Last October a man in Orange City, Iowa, borrowed several books with LGBTQ themes and burned them in protest in a live Facebook video. In Illinois, more than 200 books – most about race – were removed this year from the Danville Correctional Facility. A drag queen story hour this month at a library in Fall River, Massachusetts, prompted protests that drew a police response.

“We’re seeing an upsurge in the past few years of challenges of materials with LGBTQ themes or displays with LGBTQ books,” said Deborah Caldwell-Stone, the interim director of the American Library Association’s Office for Intellectual Freedom.

Caldwell-Stone believes the growing number of challenges is a reflection of what is happening in the United States, where gay and transgender issues are discussed in the public arena like never before. There are now frequent and often emotional debates about transgender rights, and people are more openly identifying as non-binary or gender non-conforming. A gay presidential candidate, Pete Buttigieg, is among the top contenders for the Democratic nomination.

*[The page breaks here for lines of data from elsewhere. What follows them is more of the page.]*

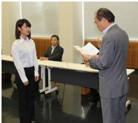
(奨学金授与式の様子)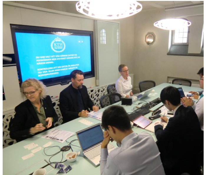
インタビュー風景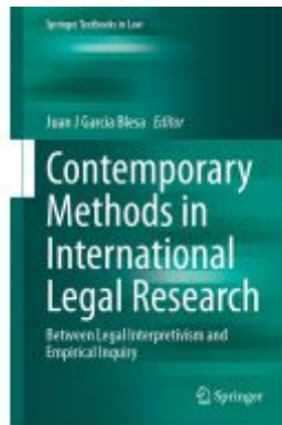
Contemporary Methods in International Legal Research Ladenpreis: 93,49EUR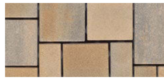
color Jura-Beige fein*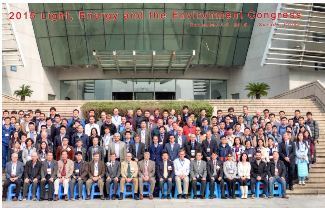
蘇州大学における OSA の国際会議参加者 (2015 年 11 月 2 日～5 日)

アメリカ光学会(Optical Society of America ; OSA)が開催する Light, Energy, and the Environment Congress が 11 月の 2 日から 5 日にかけて、中国・蘇州大学 (Soochow University) の Dushu Lake Campus で開催されました。この国際会議は Optics and Photonics for Energy & the Environment (E2)、Optical Nanostructures and Advanced Materials for Photovoltaics (PV)、Optics for Solar Energy (SOLAR)、および Solid-State and Organic Lighting (SOLED) の 4 つのカテゴリー会議から構成され、光学という共通の立場から環境の光学計測や光学素子のエネルギー利用についての幅広い分野の研究者が最新の成果や情報を共有する場となっています。私は E2 の最初のセッション冒頭で、Optical Monitoring of Pollution and Greenhouse Gases inside the Atmospheric Boundary Layer (大気境界層における汚染気体と温暖化気体の光学モニタリング) と題した講演を行いました。E2 には中国、オーストラリア、ドイツ、韓国など各国の第一線の研究者も参加し、活発な議論が行われました。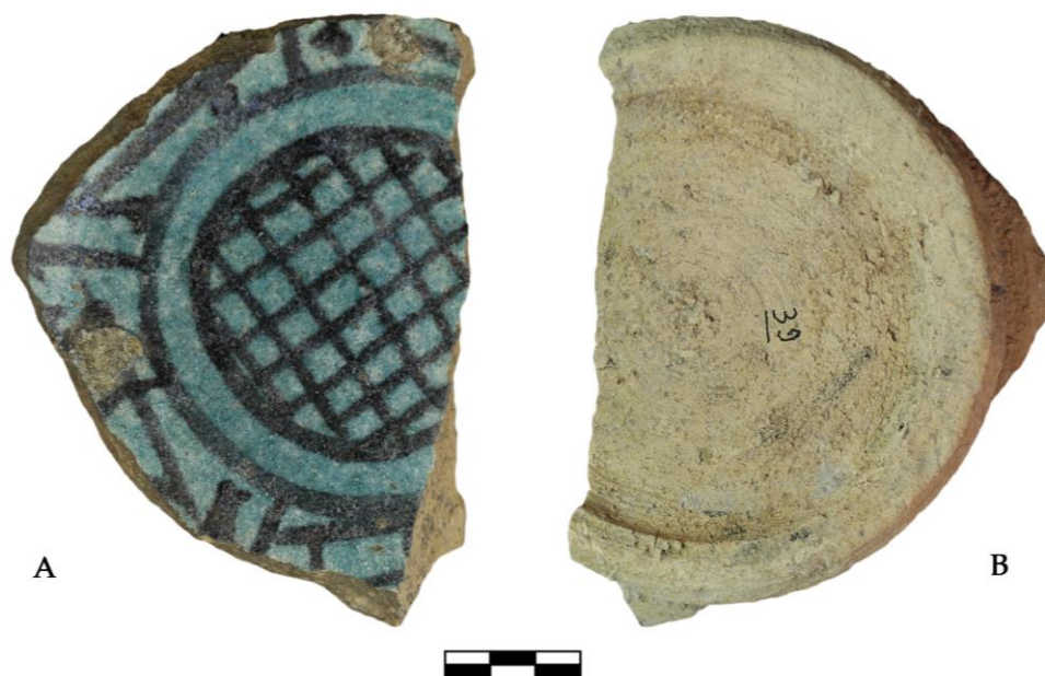
Fig. 5 - Frammento di unglazed black painted ware : a) superficie interna con decorazione dipinta in nero sotto vetrina turchese; b) superficie esterna.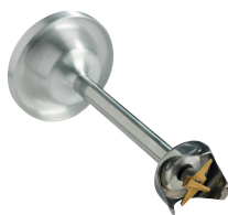
Couteau émulsionneur Réf. : AC530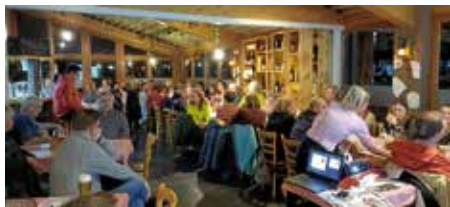
Bis auf den letzten Platz gefüllt: Die GSV-Gaststätte „La Vita Mia“.

“We are clearly divided right now,” Caldwell-Stone said. “There are still ongoing efforts to police what people read and what they think about certain issues.”

Joanna Breen, chair of the intellectual freedom group at the Maine Library Association, said librarians in Maine aren’t often challenged over their book selections or display. Still, what happened in Rumford isn’t surprising, she said, and she doesn’t think it’s wrong for people to ask questions about how or why books are chosen and displayed.


“Part of a democracy and part of a community is having dialogues about these things. The most important thing is to have these conversations like the ones they had in Rumford,” said Breen, who is executive director of the Boothbay Harbor Memorial Library. “We can’t have segments of communities deciding what is or isn’t appropriate. As a public library, our role isn’t to decide what is appropriate for other people. They need to decide for themselves.”


The Rumford Public Library sits on a hill above the Androscoggin River in the River Valley of Oxford County. The two-story brick building dates to 1903 and was one of 2,500 libraries built with money from philanthropist Andrew Carnegie.

The library serves 3,500 people from Rumford and a few other nearby towns. It hosts talks by authors, courses for seniors and community meetings. Children gather downstairs for the Lego club and eat lunch together in the summer. Residents stop by to use computers, the photocopier, and a makers’ space that includes a 3D printer and craft supplies.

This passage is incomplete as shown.